Integration by Trigonometric Substitution

# Integration by Trigonometric Substitution

Suppose that $f$ is a function and $a$ is a constant. Sometimes we come in contact with a function containing $\sqrt{a^2 - x^2}$, $\sqrt{a^2 + x^2}$, or $\sqrt{x^2 - a^2}$. For example, consider evaluating the integral $\int \sqrt{a^2 + x^2} \: dx$. Evaluating this integral is very difficult, so we will apply a technique known as integration by trigonometric substitution, or more generally, inverse substitution.

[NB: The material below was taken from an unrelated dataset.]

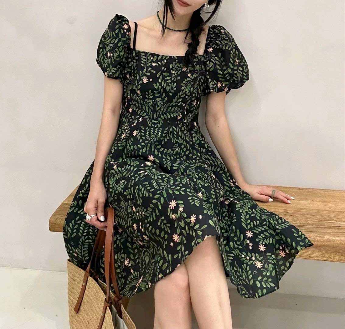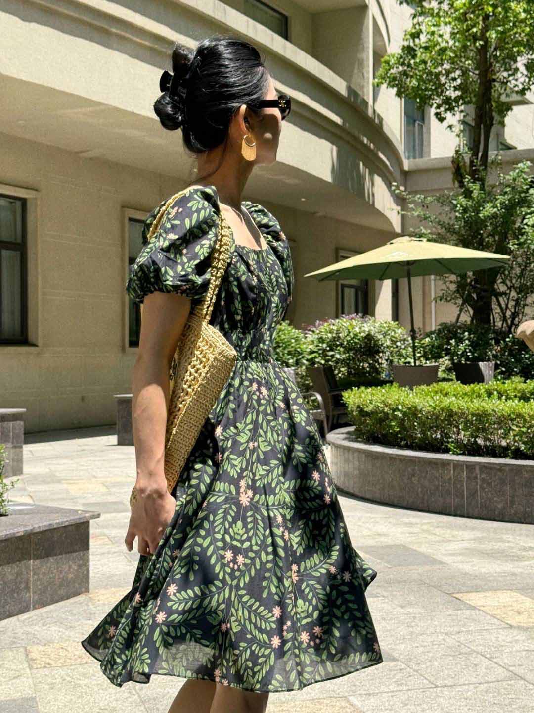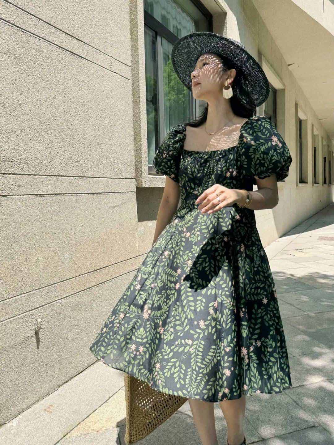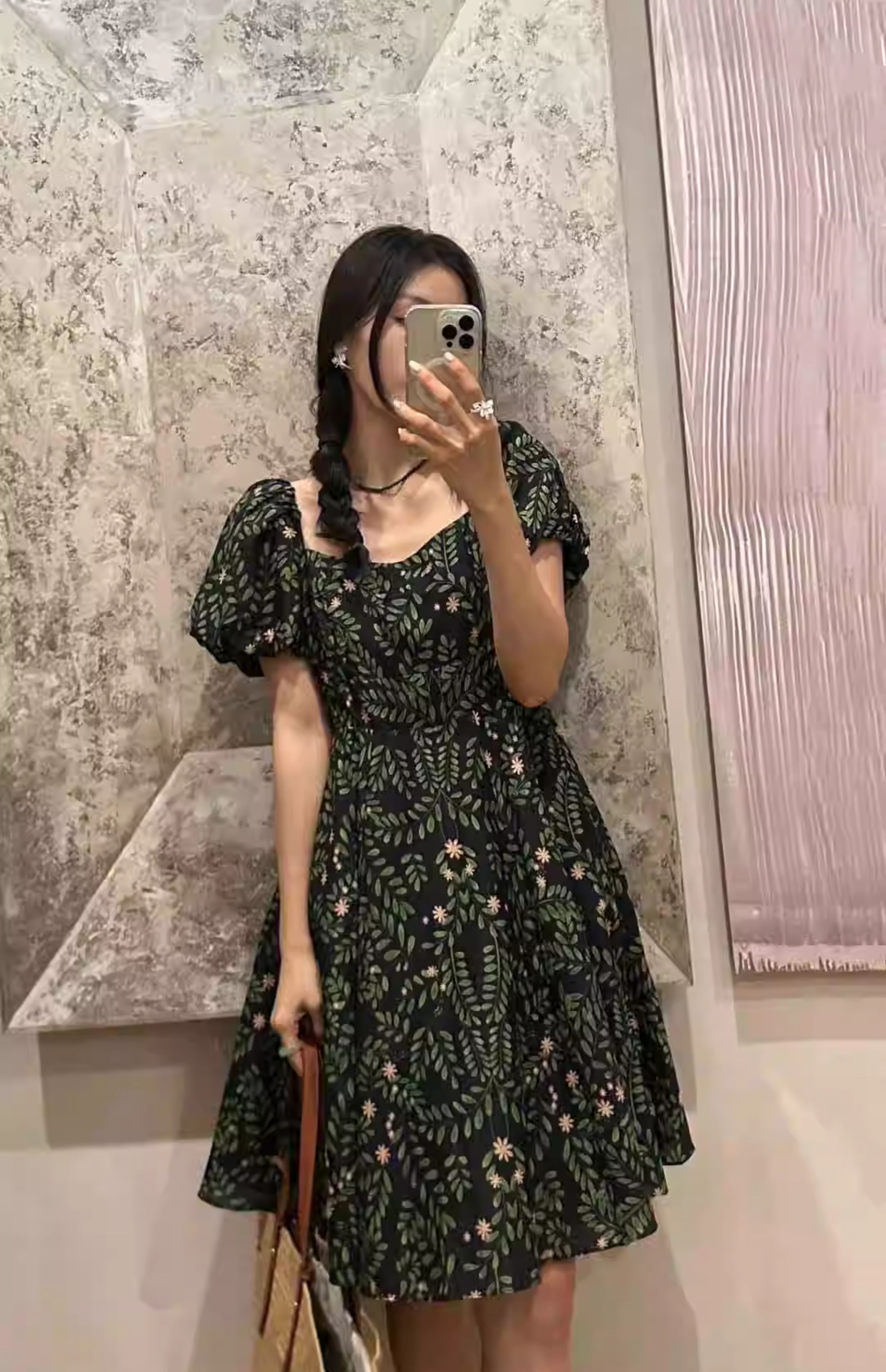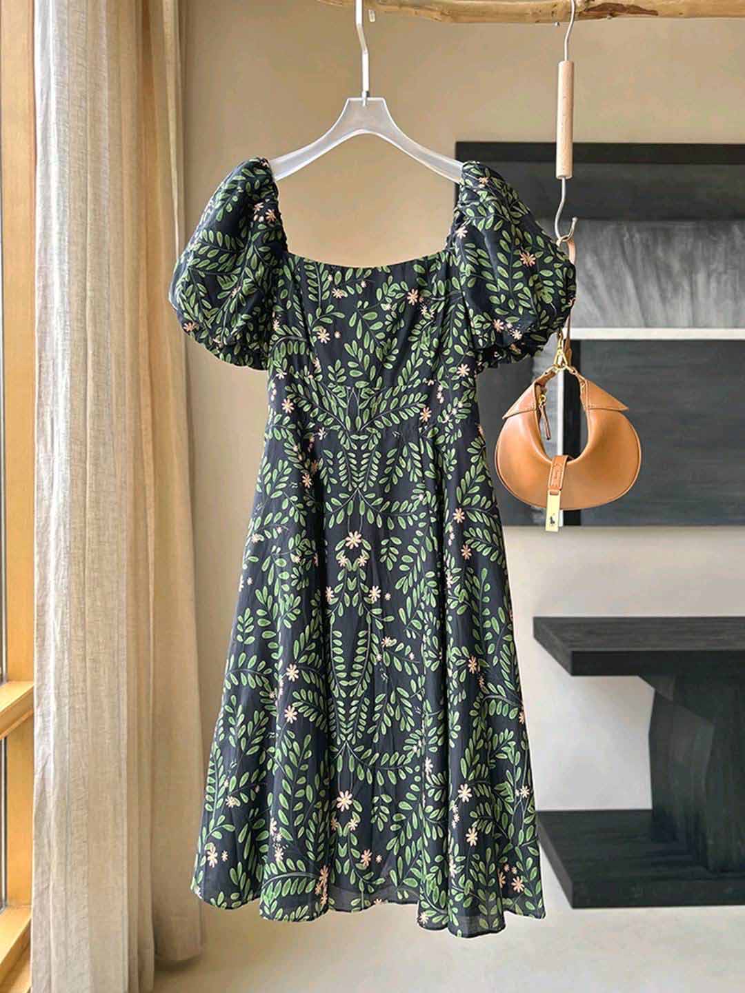 顺丰包邮洛诗琳15517蚕丝混纺碎花减龄泡泡袖显瘦方领连衣裙0768

If we notice one of the three forms mentioned above within the integrand, then we can apply an appropriate trigonometric substitution and utilize a corresponding trigonometric identity to evaluate the integral.

Within the Integrand Appropriate Substitution Appropriate Trigonometric Identity
$a^2 + x^2$ $x = a \tan \theta$, $-\frac{\pi}{2} ≤ \theta ≤ \frac{\pi}{2}$ $\tan ^2 \theta + 1 = \sec ^2 \theta$
$a^2 - x^2$ $x = a \sin \theta$, $-\frac{\pi}{2} ≤ \theta ≤ \frac{\pi}{2}$ $1 - \sin ^2 \theta = \cos ^2 \theta$
$x^2 - a^2$ $x = a \sec \theta$, $0 ≤ \theta ≤ \frac{\pi}{2}$ $\sec ^2 \theta - 1 = \tan ^2 \theta$

Note that if were wanted to calculate $\int \sqrt{a^2 - x^2} \: dx$ for example, then making the substitution of $x = a \sin \theta$, then we obtain the following integral:

(1)
\begin{align} \int \sqrt{a^2 - a^2 \sin ^2 \theta }\: d \theta \\ = \int \sqrt{a^2(1 - \sin ^2 \theta) }\: d \theta \\ = \int \sqrt{a^2 \cos ^2 \theta }\: d \theta \\ = \int a | \cos \theta | \: d \theta \end{align}

The integral above is much easier to evaluate.

## Example 1

Evaluate the following integral $\int \frac{1}{x^2 - 4} \: dx$.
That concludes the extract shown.